TC Energy Corp.’s Keystone XL oil pipeline project has lost the opening round of a legal battle to overturn an April ruling by a U.S. federal court that canceled its water crossing permit.

Keystone XL

U.S. District Judge Brian Morris rejected a request to revive Keystone’s Nationwide Permit 12, which the U.S. Army Corps of Engineers issued to enable TC to begin construction.

The second decision enforced a court order for the Army Corps to increase its environmental standards by consulting with the U.S. Fish and Wildlife Service on risks posed by pipeline projects to wildlife protected under the Endangered Species Act.

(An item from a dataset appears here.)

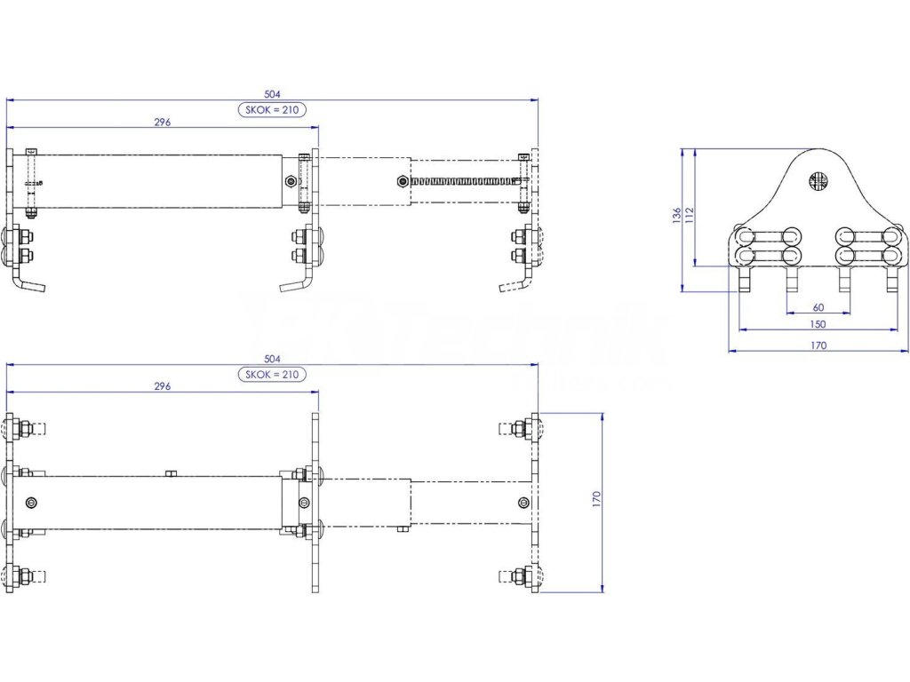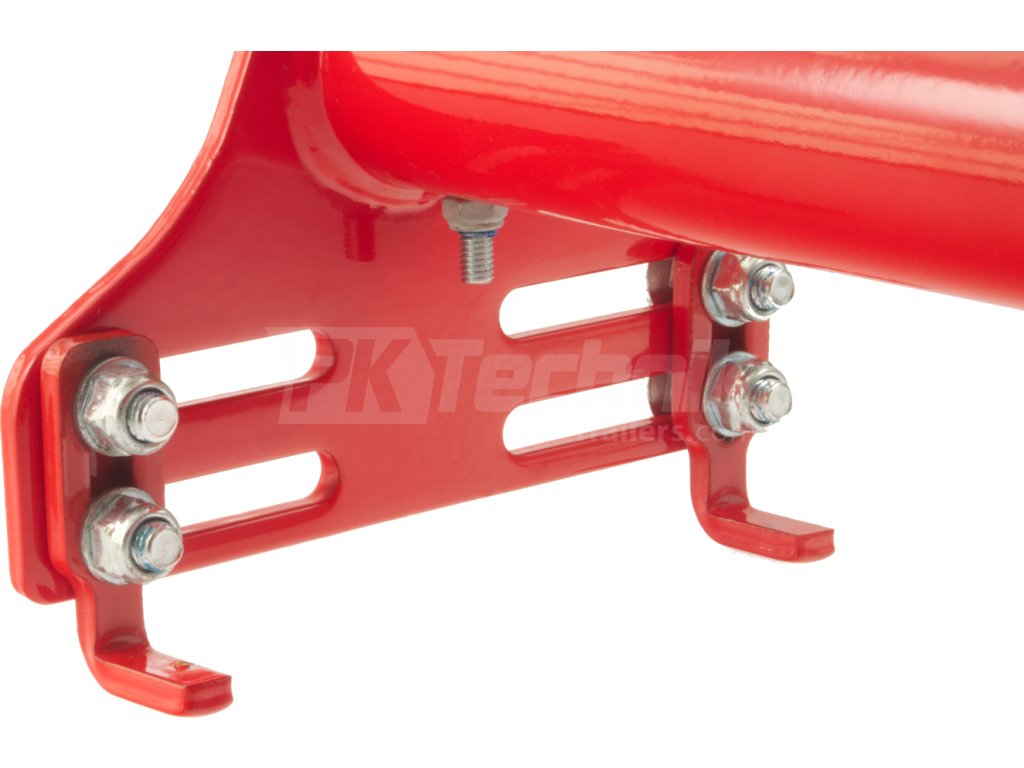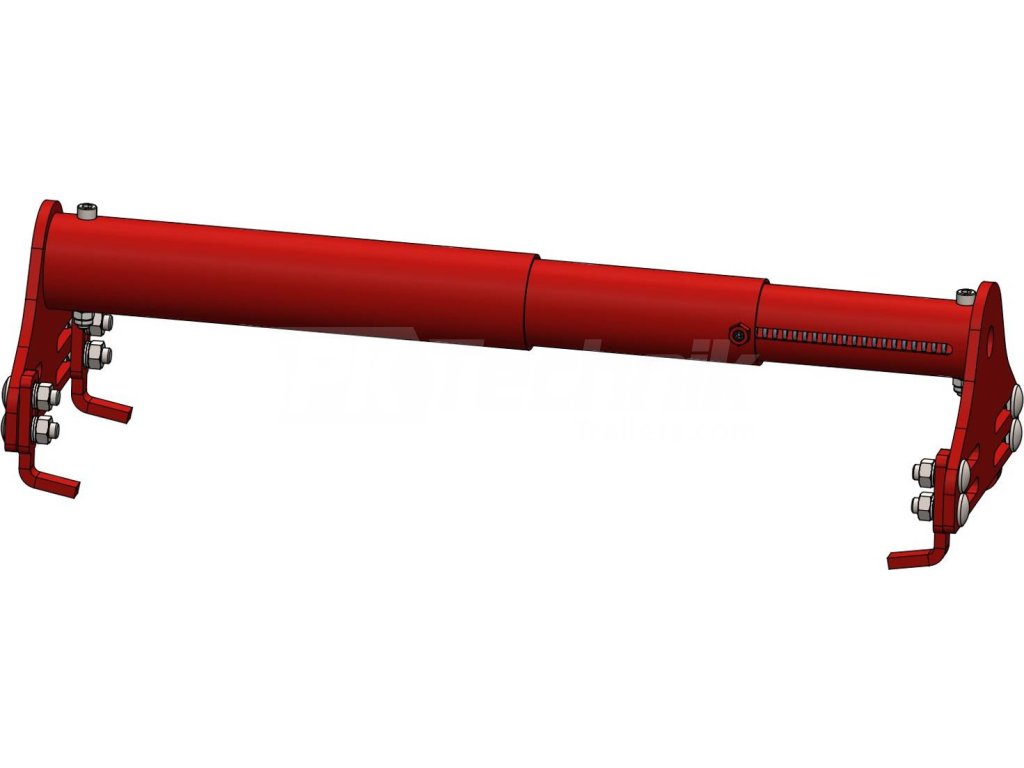 - Cârligele de blocare sunt, de asemenea, reglabile în direcția longitudinală. Pasul poate fi reglat continuu de la 48 la 136 mm, pe marginile exterioare ale cârligelor intervalul este de 58-148 mm.

The contested permit has been restored for other utility projects deemed less hazardous, such as power transmission lines, and for maintenance of established services.

Opponents of Keystone called the court ruling “yet another victory in the fight to ensure that it is never built.” TC vowed to appeal.

With financial support from the Alberta government, construction has begun on the pipeline to export up to 830,000 b/d by Canada’s top natural gas user, thermal oilsands production. In March, Alberta and TC announced a C$7.5 billion ($5.3 billion) agreement to begin construction.

The deal includes a C$1.5 billion ($1.1 billion) government ownership stake plus a C$6 billion ($4.2 billion) provincial loan guarantee to kickstart the work.

While still awaiting contested approvals in the United States, TC said the government support would enable work on the 259-kilometer (155-mile) Canadian leg from Central Alberta to the U.S. border.